### Instructions for the task
From the first line to the last, give the records again exactly and skip the pictures.

═══

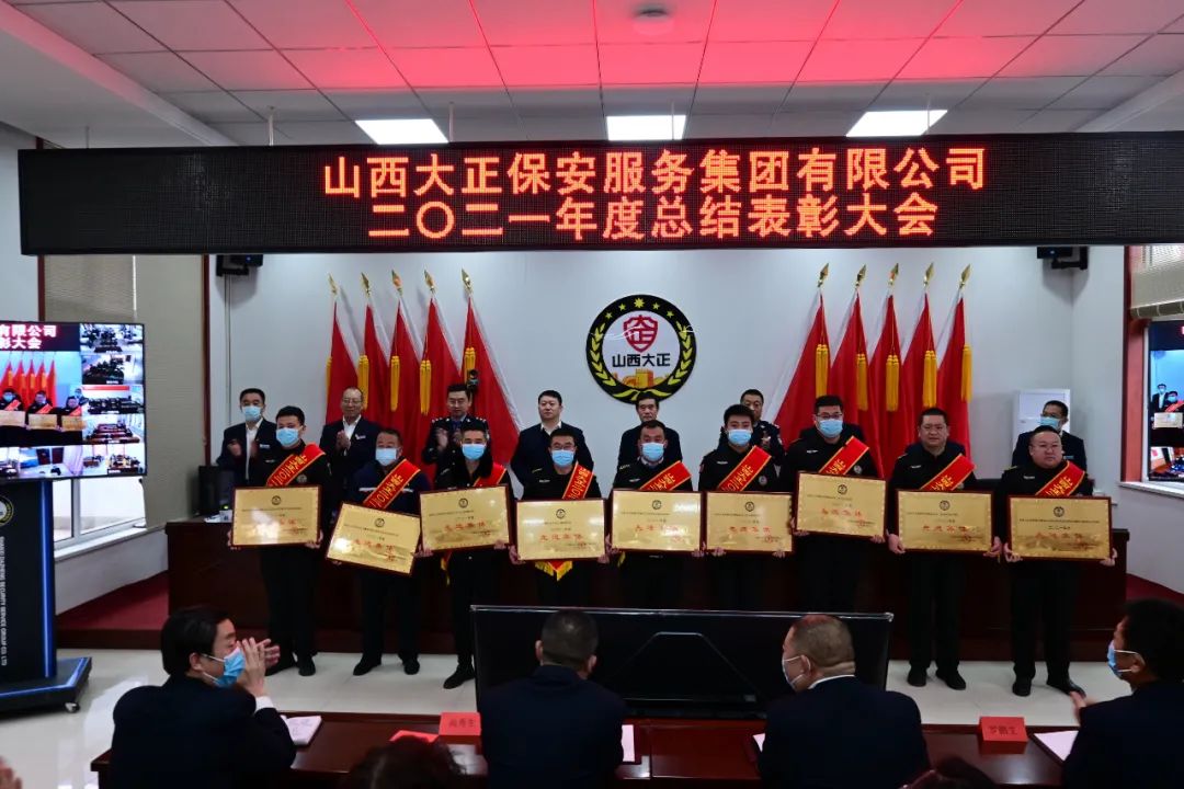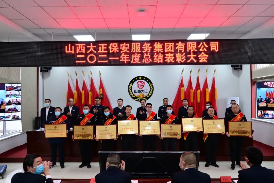 2022年1月20日上午,山西大正保安服務(wù)集團有限公司召開二0二一年度總結(jié)表彰視頻會議。集團公司黨委副書記、副總經(jīng)理陳志平主持會議,黨委副書記、總經(jīng)理趙培宏出席會議并講話,黨委委員、副總經(jīng)理王明生宣讀《山西大正保安服務(wù)集團有限公司二0ニ一年度“雙先”評比表彰決定》。市工信局(國資委)黨委委員、二級調(diào)研員劉建文,忻州市公安局黨委委員、副局長楊德華,忻州市公安局治安支隊負責(zé)人張志鵬出席會議。公司領(lǐng)導(dǎo)、中層副職以上管理人員、各中隊長(負責(zé)人)受表彰先進集體、先進個人代表在主會場參會。機關(guān)職工、基層各單位員工代表在22個分會場以視頻方式參會。
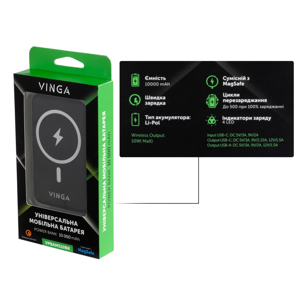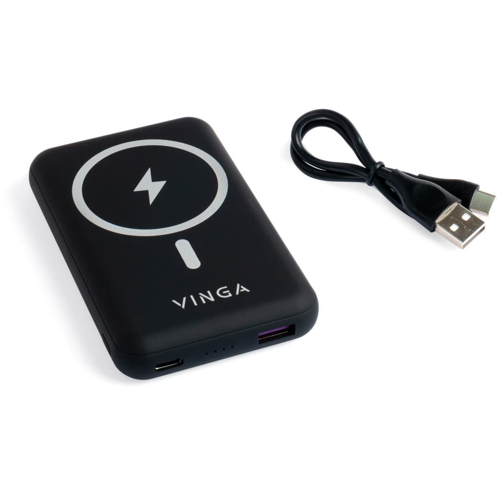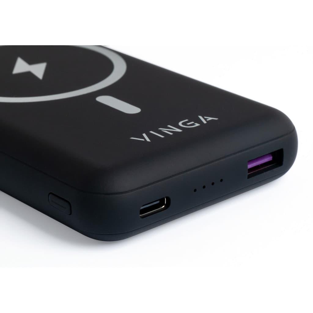 Батарея універсальна Vinga 10000 mAh Wireless Magnetic QC+PD (VPBAMS10BK)
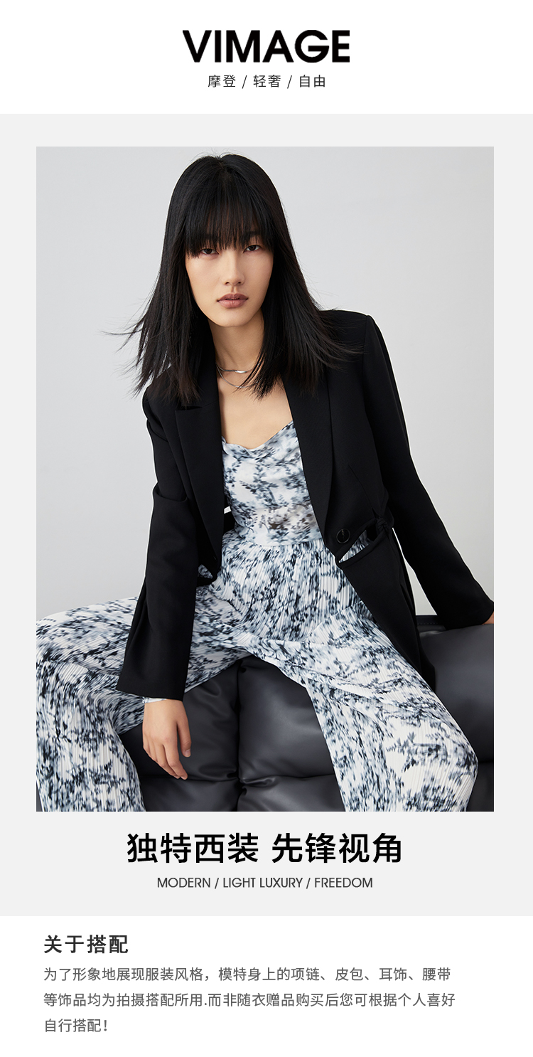 VIMAGE纬漫纪春季新款时尚独特百搭显瘦干练西装外套女V1703308
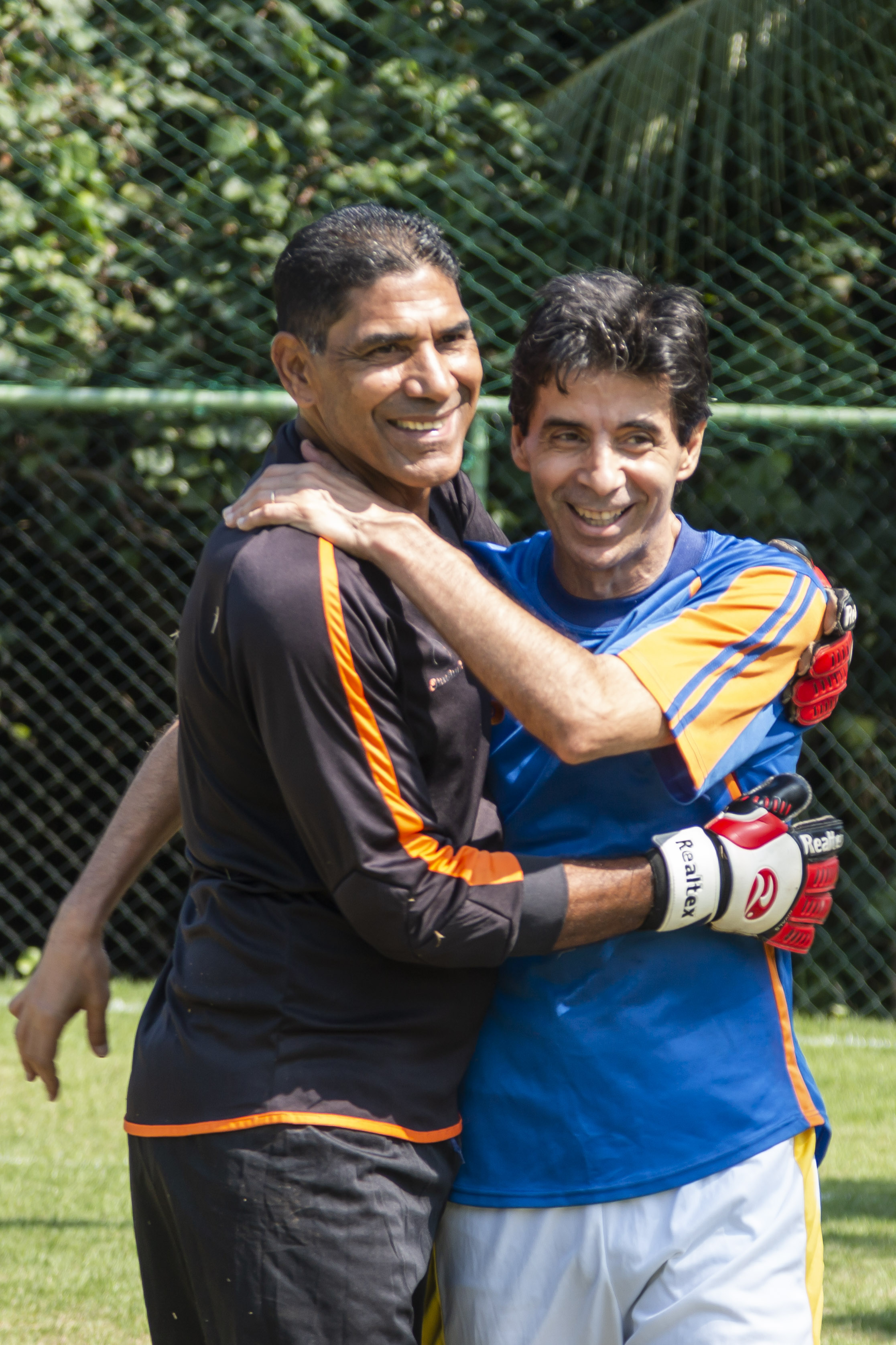 Passadas algumas horas do começo da festa começa a pelada e o timaço está em campo! Algumas constatações: Gaúcho joga com muita categoria e a cabeça sempre erguida, Sorato mantém uma boa movimentação. Mauro Galvão manteve a promessa é virou atacante. Não me lembro de ver ele proteger a própria meta em nenhum momento. Mas o que mais chamou atenção foi ver Acácio desafiando os atacantes a chutar no gol. Ali ele abriu um leque de lindas defesas. Não sei se ele fazia assim quando profissional, mas pareceu um efeito muito intimidador.
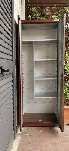 Gli armadi da esterni zincoplasticati, tipo Porta Scope, sono dotati internamente di un vano verticale Porta Scope e di pianetti metallici spostabili.
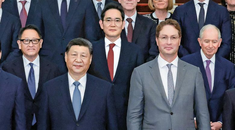 베이징서 시진핑 만난 이재용 시진핑 중국 국가주석(앞줄 왼쪽)이 28일 베이징 인민대회당에서 올라 셸레니우스 독일 메르세데스벤츠그룹 이사회 의장(앞줄 오른쪽), 도요다 아키오 일본 도요타그룹 회장, 이재용 삼성전자 회장, 미국 사모펀드 블랙스톤의 스티븐 슈워츠먼 최고경영자(CEO·둘째 줄 왼쪽부터) 등 주요국 대기업 경영자 40여 명을 만났다. 시 주석은 “중국에 투자하는 것은 미래에 투자하는 것”이라며 “외국 기업에 중국 기업과 동등한 대우를 보장하겠다”고 강조했다. 베이징=신화 뉴시스 |

═══

### Task output
 2022年1月20日上午,山西大正保安服務(wù)集團有限公司召開二0二一年度總結(jié)表彰視頻會議。集團公司黨委副書記、副總經(jīng)理陳志平主持會議,黨委副書記、總經(jīng)理趙培宏出席會議并講話,黨委委員、副總經(jīng)理王明生宣讀《山西大正保安服務(wù)集團有限公司二0ニ一年度“雙先”評比表彰決定》。市工信局(國資委)黨委委員、二級調(diào)研員劉建文,忻州市公安局黨委委員、副局長楊德華,忻州市公安局治安支隊負責(zé)人張志鵬出席會議。公司領(lǐng)導(dǎo)、中層副職以上管理人員、各中隊長(負責(zé)人)受表彰先進集體、先進個人代表在主會場參會。機關(guān)職工、基層各單位員工代表在22個分會場以視頻方式參會。
 Батарея універсальна Vinga 10000 mAh Wireless Magnetic QC+PD (VPBAMS10BK)
 VIMAGE纬漫纪春季新款时尚独特百搭显瘦干练西装外套女V1703308
 Passadas algumas horas do começo da festa começa a pelada e o timaço está em campo! Algumas constatações: Gaúcho joga com muita categoria e a cabeça sempre erguida, Sorato mantém uma boa movimentação. Mauro Galvão manteve a promessa é virou atacante. Não me lembro de ver ele proteger a própria meta em nenhum momento. Mas o que mais chamou atenção foi ver Acácio desafiando os atacantes a chutar no gol. Ali ele abriu um leque de lindas defesas. Não sei se ele fazia assim quando profissional, mas pareceu um efeito muito intimidador.
 Gli armadi da esterni zincoplasticati, tipo Porta Scope, sono dotati internamente di un vano verticale Porta Scope e di pianetti metallici spostabili.
 베이징서 시진핑 만난 이재용 시진핑 중국 국가주석(앞줄 왼쪽)이 28일 베이징 인민대회당에서 올라 셸레니우스 독일 메르세데스벤츠그룹 이사회 의장(앞줄 오른쪽), 도요다 아키오 일본 도요타그룹 회장, 이재용 삼성전자 회장, 미국 사모펀드 블랙스톤의 스티븐 슈워츠먼 최고경영자(CEO·둘째 줄 왼쪽부터) 등 주요국 대기업 경영자 40여 명을 만났다. 시 주석은 “중국에 투자하는 것은 미래에 투자하는 것”이라며 “외국 기업에 중국 기업과 동등한 대우를 보장하겠다”고 강조했다. 베이징=신화 뉴시스 |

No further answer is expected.